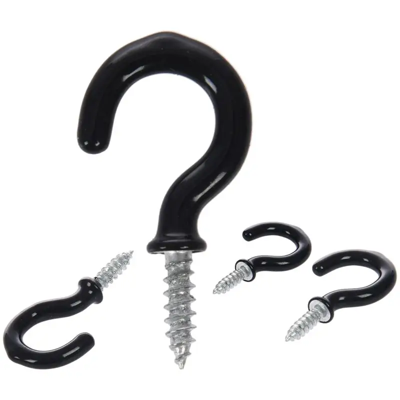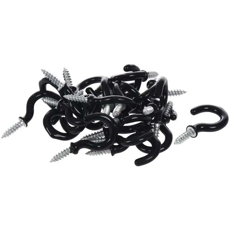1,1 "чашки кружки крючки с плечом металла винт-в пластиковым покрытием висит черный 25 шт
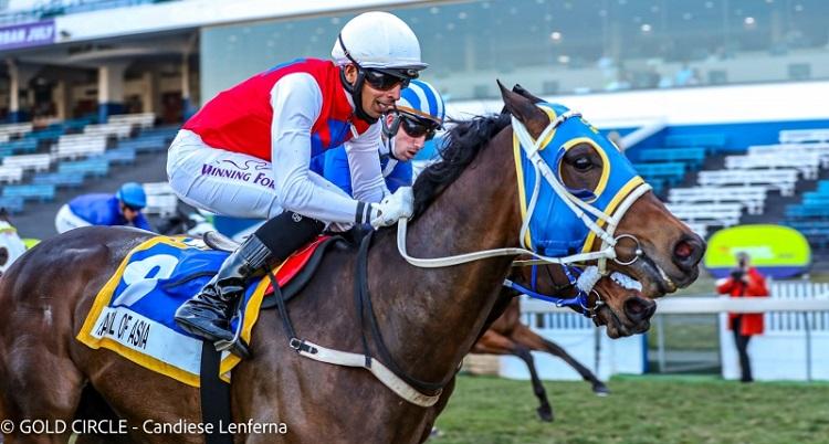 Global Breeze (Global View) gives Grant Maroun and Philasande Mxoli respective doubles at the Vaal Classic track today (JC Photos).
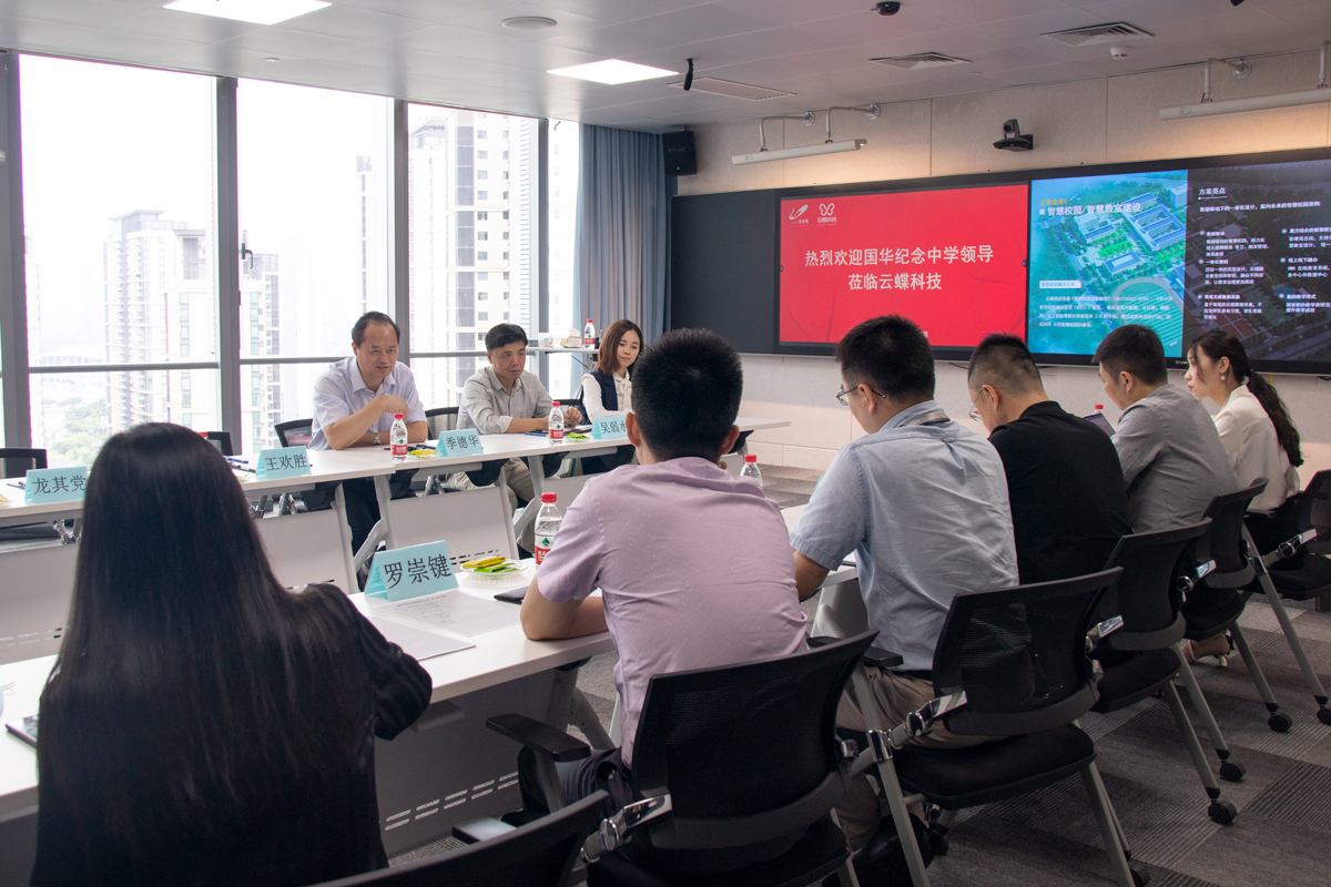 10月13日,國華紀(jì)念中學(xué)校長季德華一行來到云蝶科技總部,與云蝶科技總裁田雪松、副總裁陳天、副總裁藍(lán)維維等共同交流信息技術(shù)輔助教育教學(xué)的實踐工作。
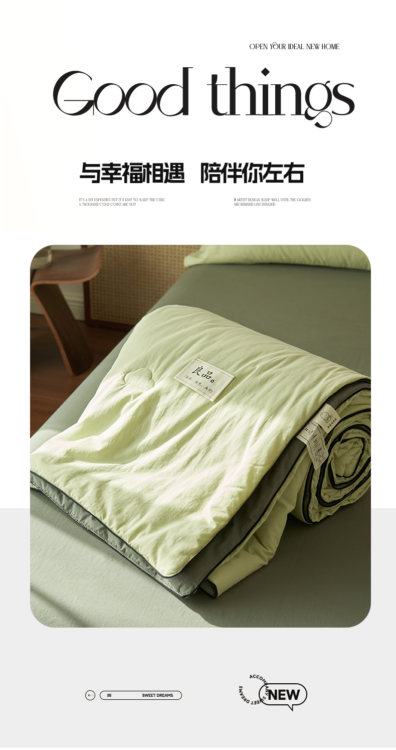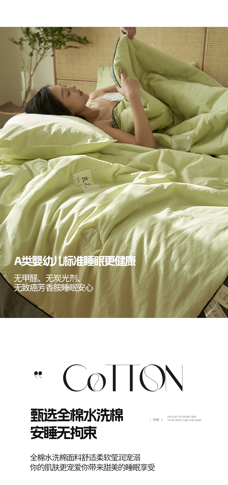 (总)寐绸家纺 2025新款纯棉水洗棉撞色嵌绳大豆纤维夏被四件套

EXERCISE PROMPT → Now write out the data word for word, skipping every picture in it.

RESPONSE →
1,1 "чашки кружки крючки с плечом металла винт-в пластиковым покрытием висит черный 25 шт
 Global Breeze (Global View) gives Grant Maroun and Philasande Mxoli respective doubles at the Vaal Classic track today (JC Photos).
 10月13日,國華紀(jì)念中學(xué)校長季德華一行來到云蝶科技總部,與云蝶科技總裁田雪松、副總裁陳天、副總裁藍(lán)維維等共同交流信息技術(shù)輔助教育教學(xué)的實踐工作。
 (总)寐绸家纺 2025新款纯棉水洗棉撞色嵌绳大豆纤维夏被四件套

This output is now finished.